RECORDS:
- - -
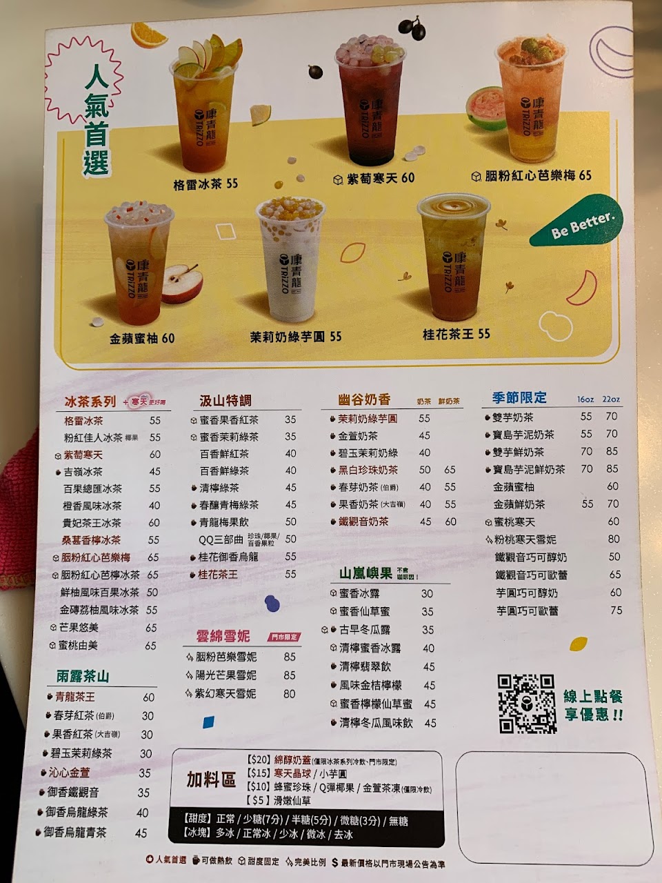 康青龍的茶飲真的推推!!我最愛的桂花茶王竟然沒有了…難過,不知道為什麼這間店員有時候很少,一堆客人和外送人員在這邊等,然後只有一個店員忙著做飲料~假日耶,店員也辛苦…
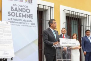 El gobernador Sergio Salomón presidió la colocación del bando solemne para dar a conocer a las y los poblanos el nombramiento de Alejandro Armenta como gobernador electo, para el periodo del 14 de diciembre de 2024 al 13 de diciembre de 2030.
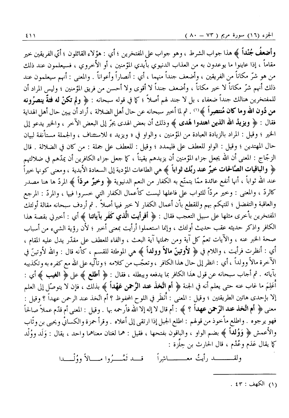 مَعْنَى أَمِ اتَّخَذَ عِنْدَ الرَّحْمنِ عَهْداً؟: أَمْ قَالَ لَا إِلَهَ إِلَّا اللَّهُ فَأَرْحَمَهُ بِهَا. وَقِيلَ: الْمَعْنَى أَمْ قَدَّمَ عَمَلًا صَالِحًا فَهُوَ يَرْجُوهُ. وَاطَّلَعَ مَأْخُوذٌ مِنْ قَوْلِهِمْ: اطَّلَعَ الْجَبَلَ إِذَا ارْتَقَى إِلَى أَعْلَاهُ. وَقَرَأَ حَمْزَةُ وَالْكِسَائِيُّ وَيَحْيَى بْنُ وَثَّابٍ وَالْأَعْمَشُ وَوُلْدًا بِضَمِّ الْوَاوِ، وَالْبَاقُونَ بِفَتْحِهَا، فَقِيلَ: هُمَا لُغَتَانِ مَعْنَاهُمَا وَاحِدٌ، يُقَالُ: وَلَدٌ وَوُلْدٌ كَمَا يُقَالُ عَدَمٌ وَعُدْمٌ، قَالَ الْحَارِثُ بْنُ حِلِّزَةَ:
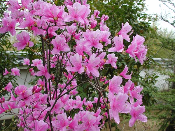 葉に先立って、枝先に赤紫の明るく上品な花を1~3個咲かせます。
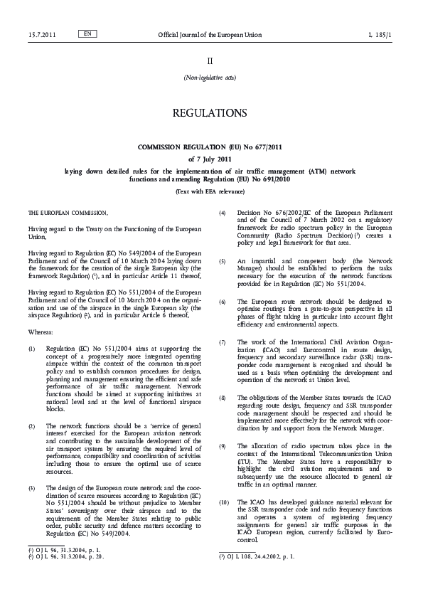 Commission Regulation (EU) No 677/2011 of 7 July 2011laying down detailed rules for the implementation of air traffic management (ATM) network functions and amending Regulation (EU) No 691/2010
- - -
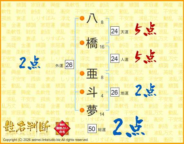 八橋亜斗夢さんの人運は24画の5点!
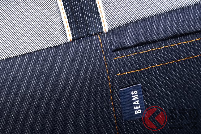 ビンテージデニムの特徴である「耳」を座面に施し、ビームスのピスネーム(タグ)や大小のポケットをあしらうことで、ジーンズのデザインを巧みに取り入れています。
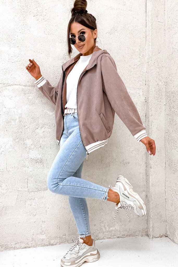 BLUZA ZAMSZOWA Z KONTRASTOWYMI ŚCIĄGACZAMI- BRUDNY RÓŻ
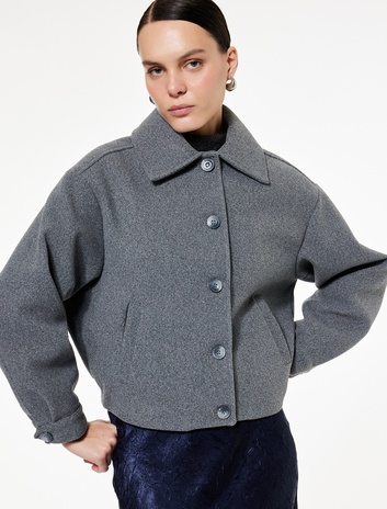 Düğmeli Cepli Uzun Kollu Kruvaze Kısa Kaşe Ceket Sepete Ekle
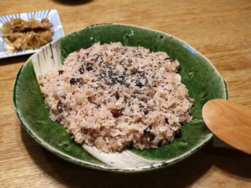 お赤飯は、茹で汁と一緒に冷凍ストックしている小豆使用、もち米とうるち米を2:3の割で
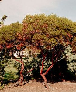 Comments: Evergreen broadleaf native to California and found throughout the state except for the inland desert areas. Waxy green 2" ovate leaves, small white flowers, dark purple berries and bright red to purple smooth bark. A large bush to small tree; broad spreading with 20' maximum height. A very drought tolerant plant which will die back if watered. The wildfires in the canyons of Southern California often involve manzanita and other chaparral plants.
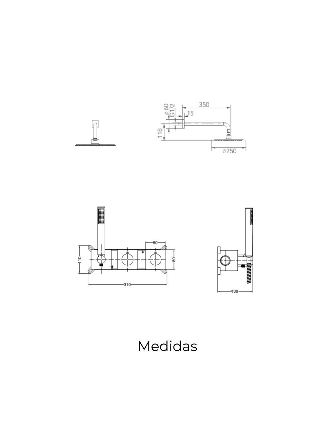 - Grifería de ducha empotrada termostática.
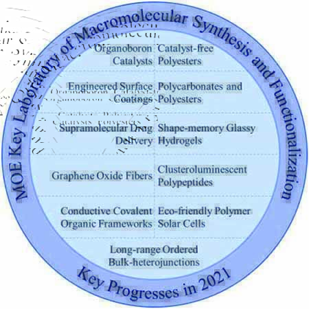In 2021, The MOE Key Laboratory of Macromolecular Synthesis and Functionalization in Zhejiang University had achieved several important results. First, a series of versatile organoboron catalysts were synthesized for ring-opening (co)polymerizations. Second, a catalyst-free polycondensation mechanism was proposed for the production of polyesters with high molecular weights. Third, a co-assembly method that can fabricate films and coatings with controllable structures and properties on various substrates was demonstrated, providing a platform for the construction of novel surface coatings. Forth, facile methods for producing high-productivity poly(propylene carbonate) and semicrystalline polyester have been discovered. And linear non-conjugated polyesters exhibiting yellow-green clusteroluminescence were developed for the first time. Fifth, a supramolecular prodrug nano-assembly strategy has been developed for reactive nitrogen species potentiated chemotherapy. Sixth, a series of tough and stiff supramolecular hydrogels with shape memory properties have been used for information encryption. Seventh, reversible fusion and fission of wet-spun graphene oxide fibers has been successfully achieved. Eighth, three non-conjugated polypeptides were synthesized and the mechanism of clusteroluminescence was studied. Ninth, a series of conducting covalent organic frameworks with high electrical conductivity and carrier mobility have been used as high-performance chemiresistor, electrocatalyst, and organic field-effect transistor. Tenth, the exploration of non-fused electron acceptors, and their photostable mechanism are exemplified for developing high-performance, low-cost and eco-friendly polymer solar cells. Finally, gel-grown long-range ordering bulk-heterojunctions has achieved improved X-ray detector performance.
- - -
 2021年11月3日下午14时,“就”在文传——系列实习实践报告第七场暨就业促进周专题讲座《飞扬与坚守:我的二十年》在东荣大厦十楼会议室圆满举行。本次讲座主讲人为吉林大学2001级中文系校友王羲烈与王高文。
- - -
REQUIRED ACTION:
The answer must be the lines above from the one containing "康青龍的茶飲真的推推!!我最" through the one containing "El gobernador Sergio", reproduced exactly, with no pictures and nothing else.

TASK OUTPUT:
 康青龍的茶飲真的推推!!我最愛的桂花茶王竟然沒有了…難過,不知道為什麼這間店員有時候很少,一堆客人和外送人員在這邊等,然後只有一個店員忙著做飲料~假日耶,店員也辛苦…
 El gobernador Sergio Salomón presidió la colocación del bando solemne para dar a conocer a las y los poblanos el nombramiento de Alejandro Armenta como gobernador electo, para el periodo del 14 de diciembre de 2024 al 13 de diciembre de 2030.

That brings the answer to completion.